Well, Christmas is over. And I must admit that instead of the usual sigh of relief and rush to return my house to the "usual order" of things, making room in the living room again once the tree is gone, clearing the counters of snowmen and nativities, seeing the girls's dresser tops again once the plastic nativities are put away.....this year, it was not at all relief that I felt. This year I felt a sadness, a solemn reverence for the significance of the time I had spent alone with my Jesus in remembrance of His incarnation.
This time, as I replaced the newspaper wrappings around the ceramic wise men from my nativity scene, I thought of their wonder at a King who would teach them and save them. I thought of their travels for months through trecherous deserts to reach the appointed place. I had tears in my eyes as I wrapped the earthly parents. How obedient and trusting Mary and Joseph had been! I thought of the inconvenience of such a birth. Maybe Mary had planned on teaching or sharing her faith with young women and making a "difference". Now, people will see her, with a child what will they say? or think?? I appreciated their dedication to obedience despite the fact that their claim regarding this birth probably seemed proposterous to most.
As, I wrapped the shepherds, I was thankful at God's choice to include them in this glorious night. Shepherds who smelled of sheep came to touch and worship the King. Would Mary allow these dirty uneducated people to enter her birthing room and expose themselves to her new little baby? I believe she welcomed them with as much right as she herself stood before that little manger. I believe they all worshipped the King of Kings that night, I believe they all pondered the Priest of Priests, I believe that they all honored His Sacrifice of all Sacrifices. God is human flesh.

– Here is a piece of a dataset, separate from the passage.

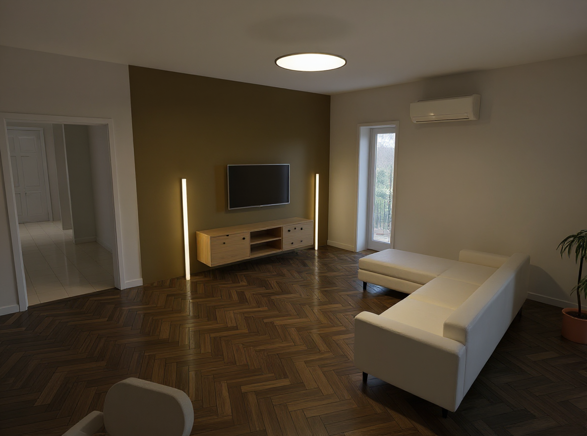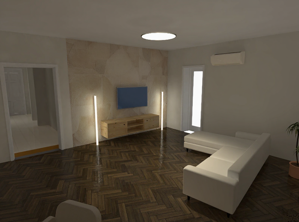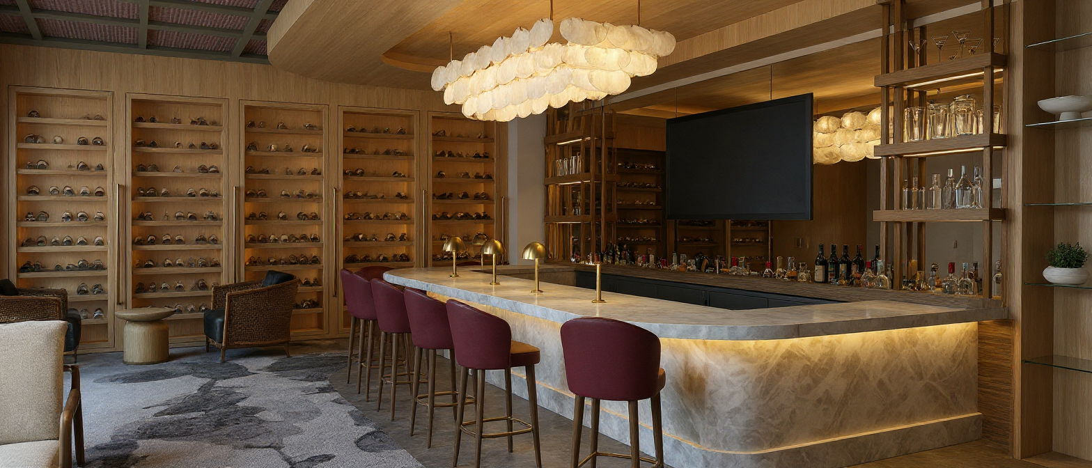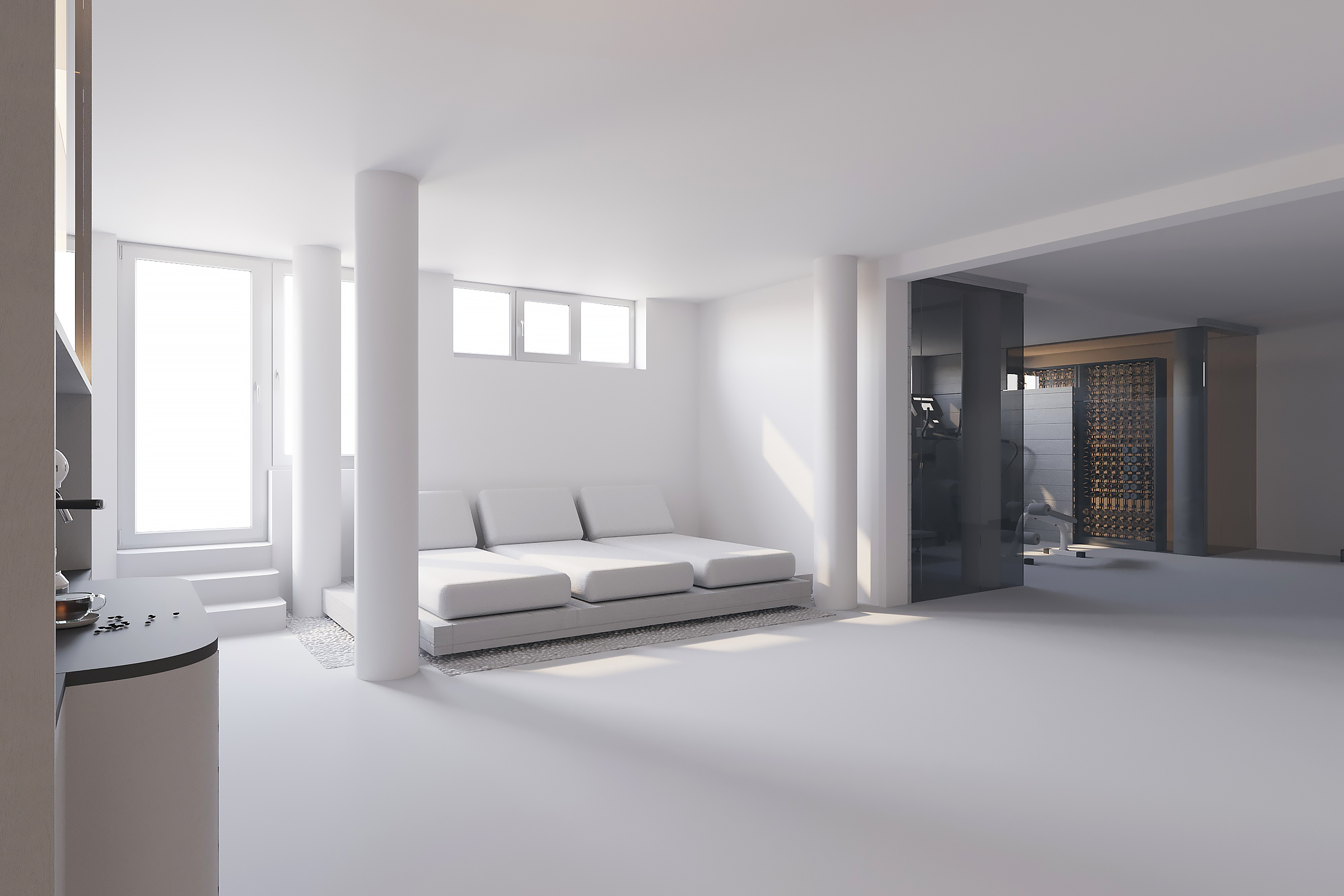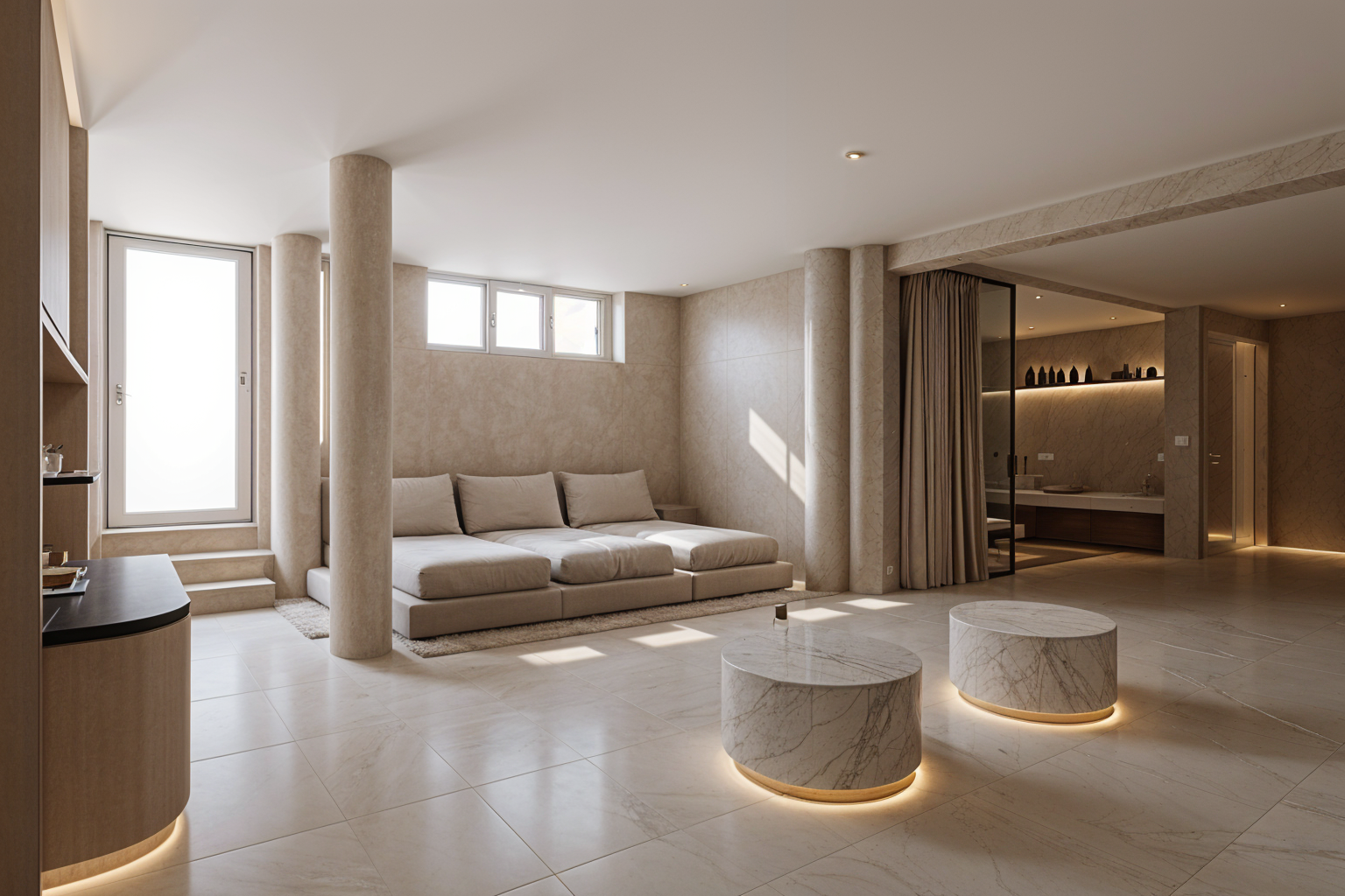 modern interior lounge area sauna wine cellar in the back spa wellness vibe maintain room as it is all walls and floors in large slabs of light color travertine stone in modern design and matt round colums in travertine small square mosaic hidden lights bellow each step curtains on the sides of the round colums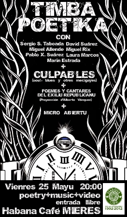 El próximo viernes 25 de mayo, a partir de las 20,00h., el Café Habana de Mieres será sede de una Timba Poétika en la que participarán autores como Pablo Antón Marín Estrada o Miguel Allende. Las “timbas poétikas” son recitales de poesía, en ocasiones con el acompañamiento de música en directo o videoproyecciones, de tono más bien reivindicativo y/o urbano. Suelen celebrarse fuera de los circuitos culturales más academicistas, visitando bares o centros sociales, donde se consigue un acercamiento más cercano y personalizado a la gente. En ellas los poetas leen textos propios o ajenos, en asturiano y en castelano, y se admite la participación de cualquier persona, así como la de autores inéditos o ya de una trayectoria consagrada.

Those same little fingers that wrapped around Mary's finger that night would be the same fingers that would heal the blind or string through the hair of the children he taught. Those same fingers would later drop with blood as He took on all my sins, took them on as His own. All the selfishness, all the anger, all the gossip, all the impatience, all the actions that are so opposite to His nature were laid on Him as His own, so that I might be clean before the Heavenly Father....whew! That is just such an overwhelming love. Who can know it?
I know it! I appreciate it. I wonder at a God who would love me, as I am. I marvel at His righteousness and His perfection. I am moved and compelled in an overwhleming way to worship the King. Oh, how they must have been moved that night.......I don't want to wait until next year to experience the wonder of Christmas again. For me, it's not over.